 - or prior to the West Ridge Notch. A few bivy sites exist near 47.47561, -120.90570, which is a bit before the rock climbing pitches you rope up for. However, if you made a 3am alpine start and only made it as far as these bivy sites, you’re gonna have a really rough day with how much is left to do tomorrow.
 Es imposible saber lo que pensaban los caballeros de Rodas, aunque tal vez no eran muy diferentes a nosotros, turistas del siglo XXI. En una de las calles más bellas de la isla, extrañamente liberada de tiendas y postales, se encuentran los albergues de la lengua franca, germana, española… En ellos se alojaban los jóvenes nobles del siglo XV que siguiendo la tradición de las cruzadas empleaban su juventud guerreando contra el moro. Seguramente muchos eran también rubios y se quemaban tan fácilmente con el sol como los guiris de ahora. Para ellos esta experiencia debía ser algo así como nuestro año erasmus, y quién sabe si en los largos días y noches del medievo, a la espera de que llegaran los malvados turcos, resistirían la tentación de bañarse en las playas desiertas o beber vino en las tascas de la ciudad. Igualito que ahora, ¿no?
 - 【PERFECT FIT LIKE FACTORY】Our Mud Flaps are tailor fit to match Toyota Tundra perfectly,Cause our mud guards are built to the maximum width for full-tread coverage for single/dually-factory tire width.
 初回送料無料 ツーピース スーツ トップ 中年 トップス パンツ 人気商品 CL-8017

──────────────────────────────

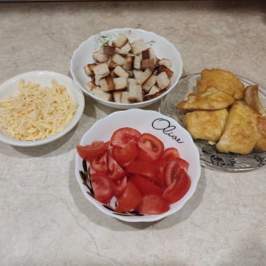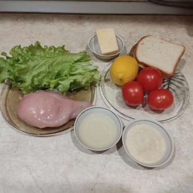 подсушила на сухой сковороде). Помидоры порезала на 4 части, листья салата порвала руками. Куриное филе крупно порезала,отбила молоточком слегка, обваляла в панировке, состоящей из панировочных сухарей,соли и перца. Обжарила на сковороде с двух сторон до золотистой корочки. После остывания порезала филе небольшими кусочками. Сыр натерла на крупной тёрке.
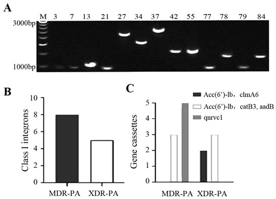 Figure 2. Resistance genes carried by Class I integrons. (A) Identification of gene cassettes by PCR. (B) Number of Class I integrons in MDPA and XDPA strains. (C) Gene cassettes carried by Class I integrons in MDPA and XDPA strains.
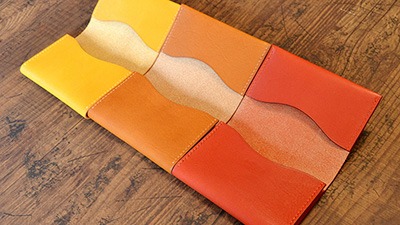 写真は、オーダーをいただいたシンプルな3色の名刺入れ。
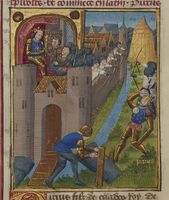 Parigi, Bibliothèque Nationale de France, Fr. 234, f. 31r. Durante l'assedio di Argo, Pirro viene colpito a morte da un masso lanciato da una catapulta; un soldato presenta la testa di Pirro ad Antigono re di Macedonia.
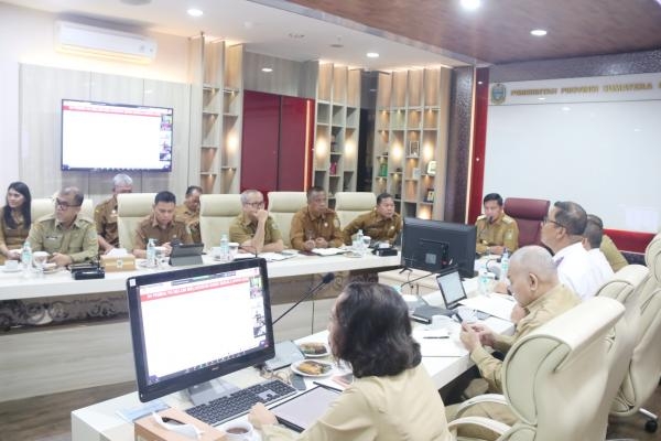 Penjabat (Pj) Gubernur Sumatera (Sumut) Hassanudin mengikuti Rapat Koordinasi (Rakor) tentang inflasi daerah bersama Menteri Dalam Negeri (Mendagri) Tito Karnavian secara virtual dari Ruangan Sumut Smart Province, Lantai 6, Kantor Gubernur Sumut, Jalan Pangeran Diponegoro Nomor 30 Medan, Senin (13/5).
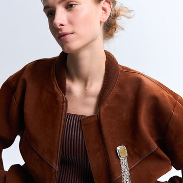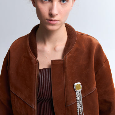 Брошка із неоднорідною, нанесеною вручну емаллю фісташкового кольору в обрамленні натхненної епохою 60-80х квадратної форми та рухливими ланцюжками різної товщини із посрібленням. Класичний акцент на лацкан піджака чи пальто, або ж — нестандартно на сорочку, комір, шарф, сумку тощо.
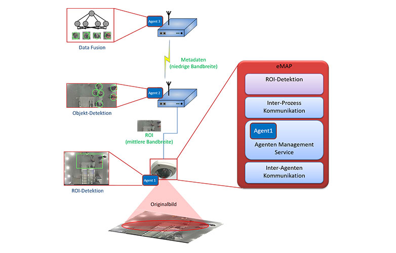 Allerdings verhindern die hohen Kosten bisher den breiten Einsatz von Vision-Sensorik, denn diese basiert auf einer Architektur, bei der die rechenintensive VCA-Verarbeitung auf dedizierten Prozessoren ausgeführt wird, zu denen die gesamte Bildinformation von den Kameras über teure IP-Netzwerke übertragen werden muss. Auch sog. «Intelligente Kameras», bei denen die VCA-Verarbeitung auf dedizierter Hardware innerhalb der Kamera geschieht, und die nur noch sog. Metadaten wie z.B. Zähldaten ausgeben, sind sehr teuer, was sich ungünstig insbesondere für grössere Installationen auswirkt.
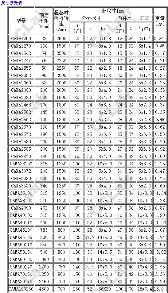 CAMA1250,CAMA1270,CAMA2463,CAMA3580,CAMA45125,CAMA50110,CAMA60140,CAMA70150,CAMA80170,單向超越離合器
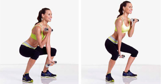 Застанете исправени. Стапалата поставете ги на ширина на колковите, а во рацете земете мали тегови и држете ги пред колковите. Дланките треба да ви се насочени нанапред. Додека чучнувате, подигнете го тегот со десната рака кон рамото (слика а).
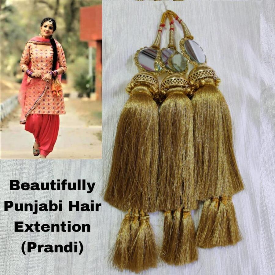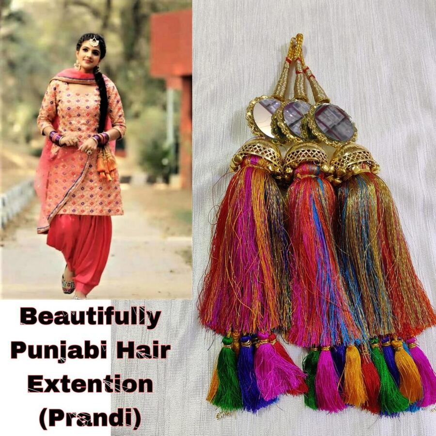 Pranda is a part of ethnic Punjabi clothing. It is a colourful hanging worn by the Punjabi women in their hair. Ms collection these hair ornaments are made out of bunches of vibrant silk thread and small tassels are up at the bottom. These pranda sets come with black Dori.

──────────────────────────────

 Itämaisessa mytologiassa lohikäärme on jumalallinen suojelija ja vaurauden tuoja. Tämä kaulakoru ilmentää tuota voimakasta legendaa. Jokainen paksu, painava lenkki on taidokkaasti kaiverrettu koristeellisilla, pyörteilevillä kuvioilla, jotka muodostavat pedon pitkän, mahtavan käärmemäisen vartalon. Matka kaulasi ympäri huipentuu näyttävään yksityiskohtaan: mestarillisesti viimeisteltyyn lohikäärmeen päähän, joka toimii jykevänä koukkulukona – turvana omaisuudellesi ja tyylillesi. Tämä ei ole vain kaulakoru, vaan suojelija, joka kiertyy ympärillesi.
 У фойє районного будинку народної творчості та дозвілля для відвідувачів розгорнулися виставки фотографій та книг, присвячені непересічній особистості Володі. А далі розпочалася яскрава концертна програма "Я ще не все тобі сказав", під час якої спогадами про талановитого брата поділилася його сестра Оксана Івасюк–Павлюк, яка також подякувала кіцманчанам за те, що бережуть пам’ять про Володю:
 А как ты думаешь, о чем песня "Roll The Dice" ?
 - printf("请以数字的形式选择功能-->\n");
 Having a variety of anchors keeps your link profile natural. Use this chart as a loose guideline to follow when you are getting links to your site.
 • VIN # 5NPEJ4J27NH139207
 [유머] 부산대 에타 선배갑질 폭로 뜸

──────────────────────────────

» ABOUT THIS TASK:
Only the lines above from the one with "CAMA1250,CAMA1" to the one with "Pranda is a" should be printed, both included and exactly as written; no picture belongs in the copy.

» SOLUTION:
 CAMA1250,CAMA1270,CAMA2463,CAMA3580,CAMA45125,CAMA50110,CAMA60140,CAMA70150,CAMA80170,單向超越離合器
 Застанете исправени. Стапалата поставете ги на ширина на колковите, а во рацете земете мали тегови и држете ги пред колковите. Дланките треба да ви се насочени нанапред. Додека чучнувате, подигнете го тегот со десната рака кон рамото (слика а).
 Pranda is a part of ethnic Punjabi clothing. It is a colourful hanging worn by the Punjabi women in their hair. Ms collection these hair ornaments are made out of bunches of vibrant silk thread and small tassels are up at the bottom. These pranda sets come with black Dori.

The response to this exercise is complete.